Et pourtant, le parti au pouvoir Ennahda a durci sa position depuis quelques semaines. Notamment après que seize militaires et gendarmes ont été blessés entre fin avril et début mai par des mines posées par des groupes armés liés à Al-Qaïda à la frontière avec l'Algérie. Dimanche, le Premier ministre tunisien, issue d'Ennahda, a même qualifié de "terroriste" le groupe salafiste Ansar Ashariaa. "Il a dit ce qu'il aurait dû dire depuis longtemps", a réagi Nejib Chebbi. "Ansar Ashariaa fait partie de la nébuleuse djihadiste. Elle a une dimension régionale en Afrique du Nord mais aussi internationale. Et les armes viennent de l'autre côté de la frontière d'Algérie et de Libye.

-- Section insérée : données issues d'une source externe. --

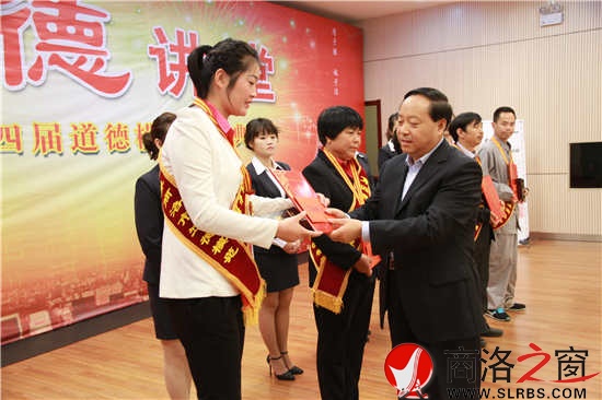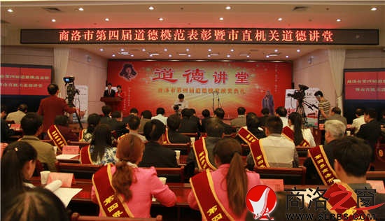 商洛之窗訊 (記者 李少虎) 4月29日上午,第四屆商洛市道德模范頒獎(jiǎng)典禮在市行政中心舉行。市委書記胡潤澤、市長陳俊等四套班子領(lǐng)導(dǎo)為道德模范頒獎(jiǎng)。

Il existe aussi des ramifications", a-t-il alerté.

Ansar al-charia

© REUTERS

Qui sont ces djihadistes ? Son chef en fuite Abou Iyadh, un vétéran d'Al-Qaïda en Afghanistan libéré de prison à la faveur de l'amnistie post-révolutionnaire, a menacé le gouvernement d'une "guerre" la semaine dernière, accusant Ennahda de mener une politique anti-islam. Pour Nejib Chebbi, ces salafistes ne croient pas "aux élections" qu'ils assimilent à une "hérésie, une déviance". Leur exemple ? "L'Afghanistan des talibans ! Ce sont des rigoristes absolus. Ils sont prêts à se faire tuer". Ces hommes sont dotés d'une "conception "simpliste mais dangereuse". "L'homme est vicaire de Dieu et il interprète sa volonté. Il a pour mission d'appliquer la volonté divine par le recours à la violence. On ne peut pas vivre en démocratie comme ça", s'est insurgé l'opposant tunisien.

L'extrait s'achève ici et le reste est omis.